According to Bellator bantamweight champion Zach Makovsky, the answer is no.
“It’s not a like a regular fight outside—where it’s spontaneous and emotional,” Makovsky said, about being a mixed a martial artist. “It’s very skill and tactic oriented. I can keep emotion out of it.”
Whereas some mixed martial artists like Nick Diaz and Paul Daley look at each bout as a pure war, Makovsky is the opposite.
“I am able to identify with this as a sport,” Makovsky said.
Now, as Bellator champion, Makovsky prepares for his next title fight. He will be defending against the winner of the current bantamweight tournament. The first matches took place last Saturday.
“I’m really just excited to sit back and watch it,” Makovsky said. “There’s a ton of talented guys in it, and it’s hard to pick one clear favorite.”
One of the favorites, featherweight champion Joe Warren, was knocked out in the first round of his opening night match. Makovsky, however, still has a lot a respect for the highly credentialed Greco-Roman wrestling star.
“He’s an extremely ambitious guy,” Makovsky said of Bellator’s featherweight champion. “He’s got two guys waiting to take his title in his weight class. He wants to go win a gold medal.”
Originally, Makovsky was going to wait for his next fight to be against the winner of the tournament. However, when Bellator lightweight champion Eddie Alvarez came down with an injury, Makovsky stepped in.

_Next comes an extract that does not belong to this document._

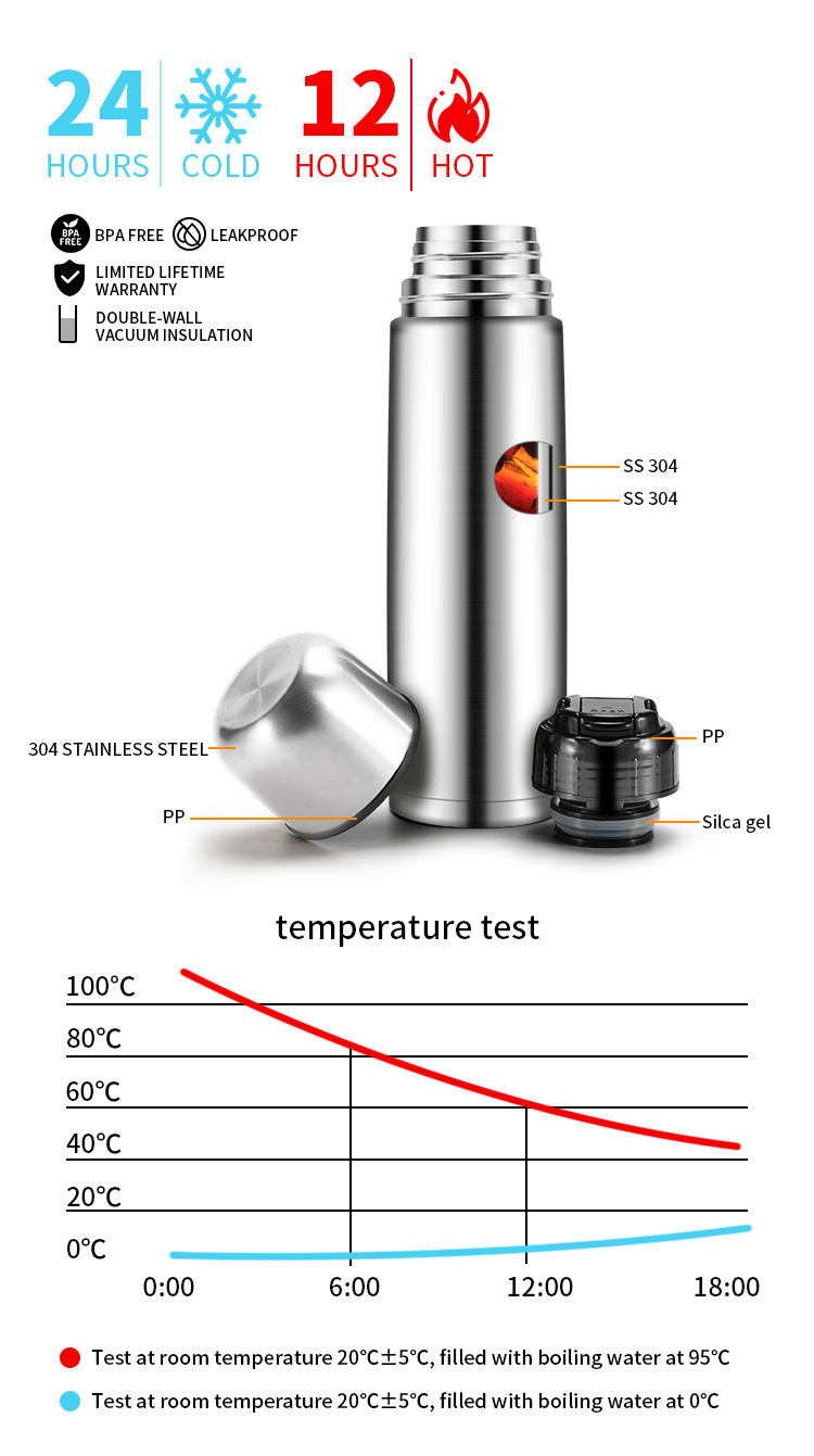 내부 3개, 외부 2개의 대용량 스테인레스 스틸 총알 보온병 컵, 야외 휴대용 여행용 주전자, 등산 스포츠 워터 컵

He is set to take on MMA journeyman Ryan Roberts in a non-title fight October 15.
Makovsky is very happy to be competing in the upstart organization.
“I really like fighting with Bellator,” Makovsky said. “They treat me well. I was pretty obscure before I entered the tournament. I like the idea that the tournament lets you control your own destiny.”
Having won the tournament and become champion, Makovsky is building a reputation for himself. He has 13 wins in 15 fights, and he does think about fighting the guys people perceive are the best in the world.
“I’ve been watching the UFC since I’ve been in high school,” Makovsky said. “In a way, you’re still like looking up to these guys and admiring what they do, but yeah, I like to think of how I could do in there.”
Makovsky believes the UFC has many great competitors—just not all of them.
“I would love to compete with some of those guys,” Makovsky said. “There are rankings out there, but I don’t think they really mean too much until everyone fights everybody.”
One guy in particular is Dominick Cruz.
“It’s going to be hard to tell,” Makovsky said, when asked how he would do in a fight with the UFC’s bantamweight champion. “I think I’m pretty well-rounded in my skill set. I think Cruz is looking phenomenal lately, but I actually think (Demetrius” Johnson is going to give him some problems.”
From watching Cruz’s fights, Makovsky has a strategy.
“Whoever is going to beat him is going to have to go at him and not let him do his thing,” Makovsky said. “You really have to go at him and keep him on the defensive. Keep him having to react to you.”
Should Makovsky and Cruz ever have the chance to fight, Makovsky will treat it as a true professional sport.
“I try not to take anything too personally,” Makovsky said. “I think it would take a lot for me to really hate somebody.”
Building the reputation of Bellator and MMA is very important to the Bellator champ. He does not have to dislike the man staring at him across the cage, but he is willing to fight him.
That is what he likes most about Bellator.
“You get to earn your way to the top by fighting and not necessarily by being picked by match making.”